March 25, 2015 | Music Notes Blog
More Perspective On Our 2014 Revenue and Shipment Numbers
A few notes on our recently-released revenue and shipment data on the U.S. music business.
Last week, we released our revenue and shipment data on the U.S. music business. We’re pleased to see this data so widely cited in news reports, analyst commentary, and other research on the industry. As we said at the time, we believe that our data is the most authoritative metric reflecting the state of the music business. After taking a moment to digest and sift through the extensive commentary, a few additional takeaways occur to us:
- Much attention has been paid to the 29% growth in streaming music revenues. What does 29% growth mean? That’s $418 million dollars more in 2014 than the prior year from those services – the equivalent of 6% of the total U.S. annual industry revenues.
- Diversification is good. The split between revenues from digital, streaming, and physical formats have never been more balanced. This reflects healthy adaptation of the industry to the multiple ways fans want to engage with music.

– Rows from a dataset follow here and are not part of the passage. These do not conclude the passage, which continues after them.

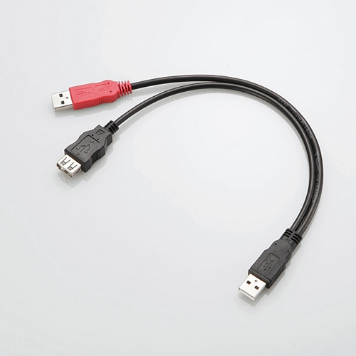 ■USB2.0(Standard-A)端子搭載のパソコン及びUSB2.0端子搭載のパソコン周辺機器を接続できるUSB2.0ケーブルです。 ■通常のUSB2.0ケーブルに給電用ケーブルがついた、「ダブル給電タイプ」です。 ■USBバスパワーで動作するポータブルHDDやDVDドライブの電力不足を解消するケーブルです。 ■逆流防止のダイオード及び過電流を防止する保護素子を搭載した安心設計です。 ■コネクタ形状:USB2.0(Standard-A)オス×2-USB2.0(Standard-A)メス×1 ■長さ:全長約0.6m:USB2.0[Standard-A]メス(黒)~USB2.0[Standard-A]オス(黒)約0.3m/USB2.0[Standard-A]オス[黒]-USB2.0[Standard-A]オス(赤)約0.3m ■カラー:ブラック ■対応機種:USB2.0(Standard-A)端子搭載のパソコン及びUSB2.0端子搭載のパソコン周辺機器 ■使用目的・用途:USB2.0規格適合のHDD/DVDドライブ接続用
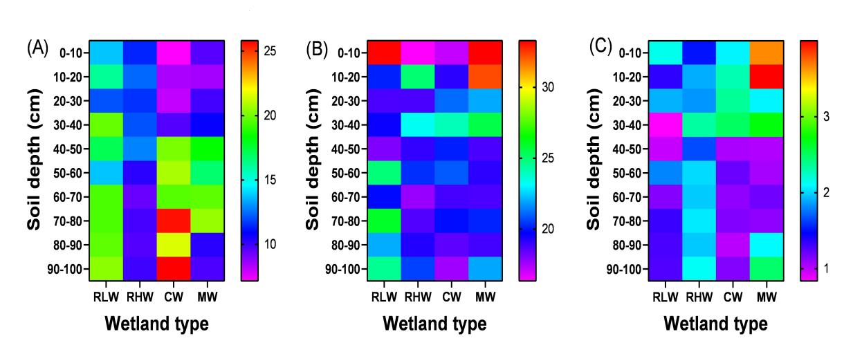 MWTCTN与土壤含水率呈负相关。TPpH呈正相关。河滩湿地类型的转变导致了土壤CNP化学计量的显著变化。频繁的农业活动改变了土壤性质,甚至打破了土壤磷的限制。(Lin et al., 2023)
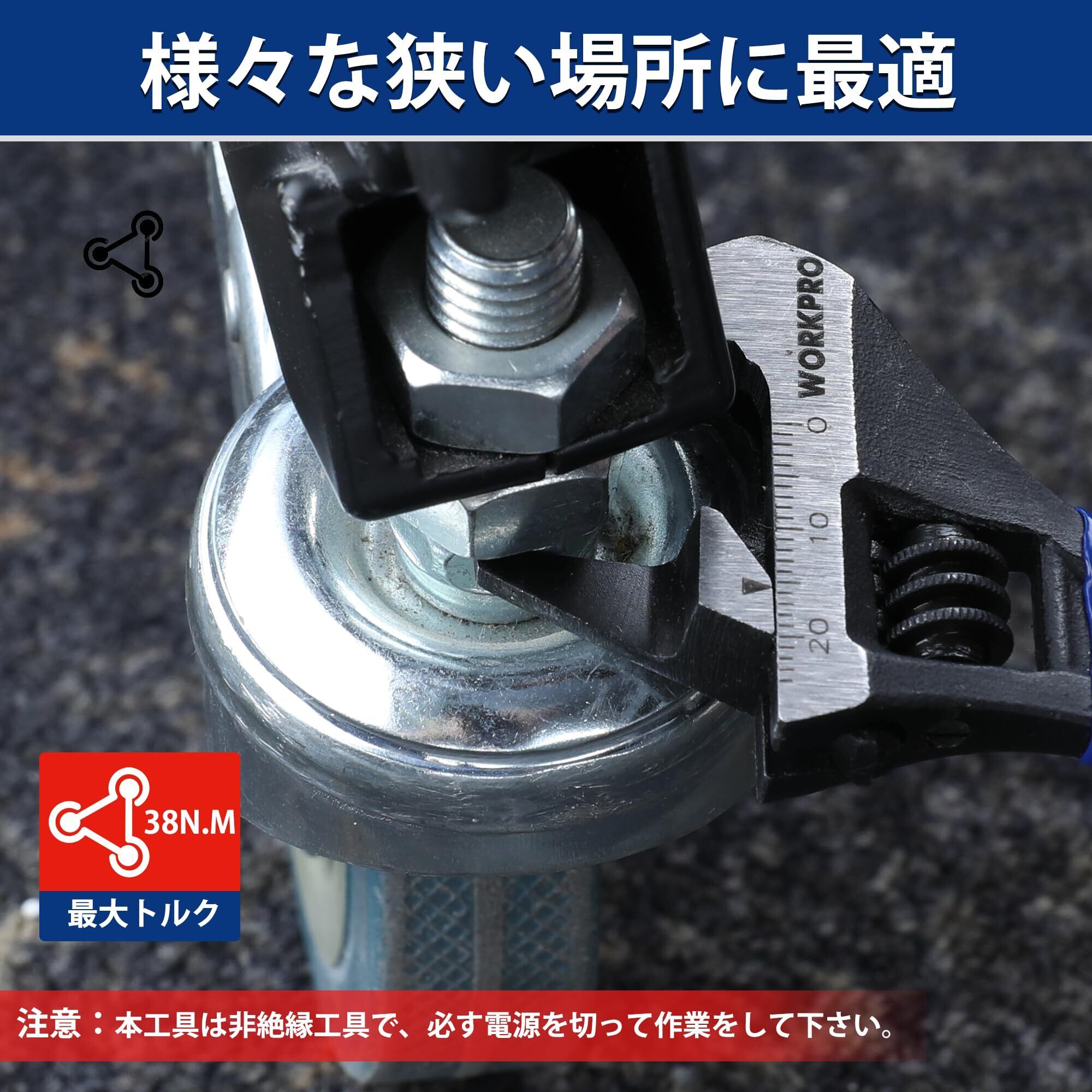 【ご注意】本製品は非絶縁工具のため、通電しているエリアでの使用は避けてください。薄型先端のため、最大トルク38N.Mで、重作業には適していません。サイズの適合しないボルトやナットに使用しないでください。
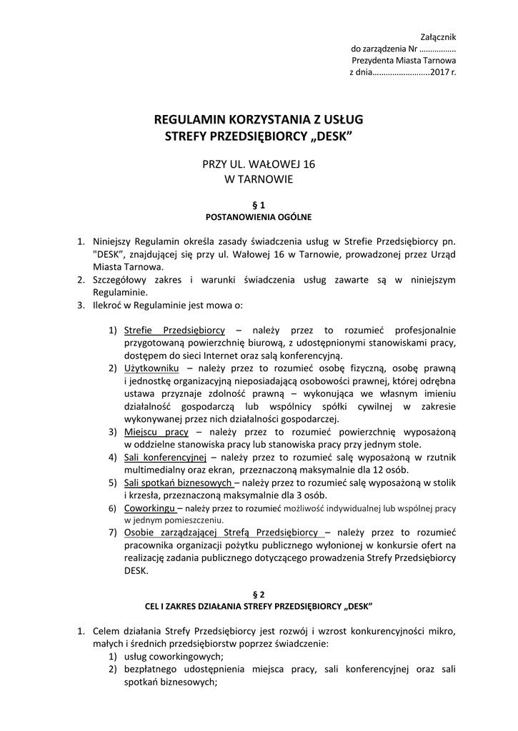 Załącznik do zarządzenia Nr …………….. Prezydenta Miasta Tarnowa z dnia……………………..2017 r. REGULAMIN KORZYSTANIA Z USŁUG STREFY PRZEDSIĘBIORCY „DESK” PRZY UL. WAŁOWEJ 16 W TARNOWIE §1 POSTANOWIENIA OGÓLNE 1. Niniejszy Regulamin określa zasady świadczenia usług w Strefie Przedsiębiorcy pn. "DESK”, znajdującej się przy ul. Wałowej 16 w Tarnowie, prowadzonej przez Urząd Miasta Tarnowa. 2. Szczegółowy zakres i warunki świadczenia usług zawarte są w niniejszym Regulaminie. 3. Ilekroć w Regulaminie jest mowa o: 1) Strefie Przedsiębiorcy – należy przez to rozumieć profesjonalnie przygotowaną powierzchnię biurową, z udostępnionymi stanowiskami pracy, dostępem do sieci Internet oraz salą konferencyjną. 2) Użytkowniku – należy przez to rozumieć osobę fizyczną, osobę prawną i jednostkę organizacyjną nieposiadającą osobowości prawnej, której odrębna ustawa przyznaje zdolność prawną – wykonująca we własnym imieniu działalność gospodarczą lub wspólnicy spółki cywilnej w zakresie wykonywanej przez nich działalności gospodarczej. 3) Miejscu pracy – należy przez to rozumieć powierzchnię wyposażoną w oddzielne stanowiska pracy lub stanowiska pracy przy jednym stole. 4) Sali konferencyjnej – należy przez to rozumieć salę wyposażoną w rzutnik multimedialny oraz ekran, przeznaczoną maksymalnie dla 12 osób. 5) Sali spotkań biznesowych – należy przez to rozumieć salę wyposażoną w stolik i krzesła, przeznaczoną maksymalnie dla 3 osób. 6) Coworkingu – należy przez to rozumieć możliwość indywidualnej lub wspólnej pracy w jednym pomieszczeniu. 7) Osobie zarządzającej Strefą Przedsiębiorcy – należy przez to rozumieć pracownika organizacji pożytku publicznego wyłonionej w konkursie ofert na realizację zadania publicznego dotyczącego prowadzenia Strefy Przedsiębiorcy DESK. §2 CEL I ZAKRES DZIAŁANIA STREFY PRZEDSIĘBIORCY „DESK” 1. Celem działania Strefy Przedsiębiorcy jest rozwój i wzrost konkurencyjności mikro, małych i średnich przedsiębiorstw poprzez świadczenie: 1) usług coworkingowych; 2) bezpłatnego udostępnienia miejsca pracy, sali konferencyjnej oraz sali spotkań biznesowych; 3) umożliwienie nawiązania kontaktów i wymiany doświadczeń biznesowych. 2. Usługi świadczone przez Strefę Przedsiębiorcy realizowane są w sposób bezstronny z zachowaniem należytej staranności. 3. Świadczone usługi są ewidencjonowane na potrzeby statystyczne. Zbieranie i przechowywanie informacji nt. użytkowników korzystających ze Strefy Przedsiębiorcy odbywa się w formie papierowej na specjalnie przygotowanych formularzach oraz w elektronicznej bazie użytkowników. 4. Strefa Przedsiębiorcy nie może pełnić funkcji siedziby firmy. Użytkownik nie może rejestrować działalności gospodarczej po adresem Strefy Przedsiębiorcy, tj. ul. Wałowa 16, 33-100 Tarnów. §3 REJESTRACJA UŻYTKOWNIKA 1. Korzystanie ze Strefy Przedsiębiorcy możliwe jest jedynie po uprzednim dokonaniu rejestracji, która polega na prawidłowym wypełnieniu i podpisaniu formularza rejestracyjnego zawierającego dane firmy, które zostaną zweryfikowane z wpisem do Centralnej Ewidencji i Informacji o Działalności Gospodarczej (CEIDG) lub KRS; okazaniu ważnego dokumentu tożsamości ze zdjęciem (do wglądu); podpisania oświadczenia o zapoznaniu się z Regulaminem Korzystania z Usług Strefy Przedsiębiorcy „DESK”. 2. Wypełnienie formularza rejestracyjnego przez użytkownika oznacza równoczesną akceptację treści Regulaminu. 3. Użytkownik dokonuje rejestracji osobiście. 4. Po zarejestrowaniu użytkownikowi zostaje nadany numer identyfikacyjny. 5. Rejestracja jest jednorazowa i nie zobowiązuje użytkownika do wykupienia jakichkolwiek usług. 6. Nadany numer identyfikacyjny przypisany jest do jednego użytkownika i nie może być wykorzystywany i udostępniany osobom trzecim. §4 DOSTĘP DO MIEJSCA PRACY 1. Aby skorzystać z miejsca pracy użytkownik zobowiązany jest każdorazowo przedstawić nadany numer identyfikacyjny oraz ważny dokument potwierdzający tożsamość. 2. Użytkownik uzyskuje dostęp do miejsca pracy jeżeli jest wolne lub nastąpiła uprzednia rezerwacja miejsca pracy, w danym dniu roboczym. 3. Rezerwacja zostaje anulowana w przypadku 30 minutowego spóźnienia. 4. Z miejsca pracy użytkownik w danym dniu roboczym może korzystać w czasie nie przekraczającym łącznie 4 godzin. 5. Rezerwacji można dokonać osobiście w Strefie Przedsiębiorcy przy ul. Wałowej 16 lub telefonicznie pod numerem telefonu: 14 639-08-75 lub poprzez kalendarz online. 6. Dostęp do Strefy Przedsiębiorcy dotyczy wyłącznie zarejestrowanego użytkownika i osoby trzecie nie mogą z niej korzystać. 7. W przypadku organizowania spotkań biznesowych, szkoleń lub konferencji, użytkownik przedstawia, osobie zarządzającej Strefą Przedsiębiorcy, listę uczestników. §5 DOSTĘPNOŚĆ STREFY PRZEDSIĘBIORCY 1. Strefa Przedsiębiorcy czynna jest od poniedziałku do piątku, w godz. 800 - 2000 (z wyłączeniem dni świątecznych i ustawowo wolnych od pracy). 2. Strefa Przedsiębiorcy, w godzinach otwarcia, zapewnia obsługę recepcyjną, na którą składa się: 1) przyjmowanie rezerwacji i udzielanie informacji o wolnych terminach; 2) pomoc w obsłudze urządzeń biurowych; 3) przyjmowanie i kierowanie użytkowników oraz ich klientów do miejsc pracy, sali konferencyjnej lub sali spotkań biznesowych; 4) udostępnianie akcesoriów biurowych. §6 KORZYSTANIE Z SIECI INTERNET 1. Strefa Przedsiębiorcy zapewnia bezprzewodowy dostęp do Internetu dla każdego użytkownika znajdującego się w miejscu pracy. 2. W Strefie Przedsiębiorcy znajduje się jeden komputer stacjonarny, wyposażony w podstawowy pakiet Open Office, z dostępem do Internetu. 3. Wykorzystywanie łącza do pobierania i/lub udostępniania materiałów niezgodnych z prawem lub nadmierne obciążanie łącza przez

- This is not yesterday’s music industry. While it’s true revenues from music are not as high as they once were, overall the industry is now in a more healthy and stable place than it was a few years ago. Positive steps have reduced (but not eliminated) the harm from piracy, and recurring revenue streams are building a healthy base from which to grow. There’s a vibrant, competitive marketplace with numerous different options for fans.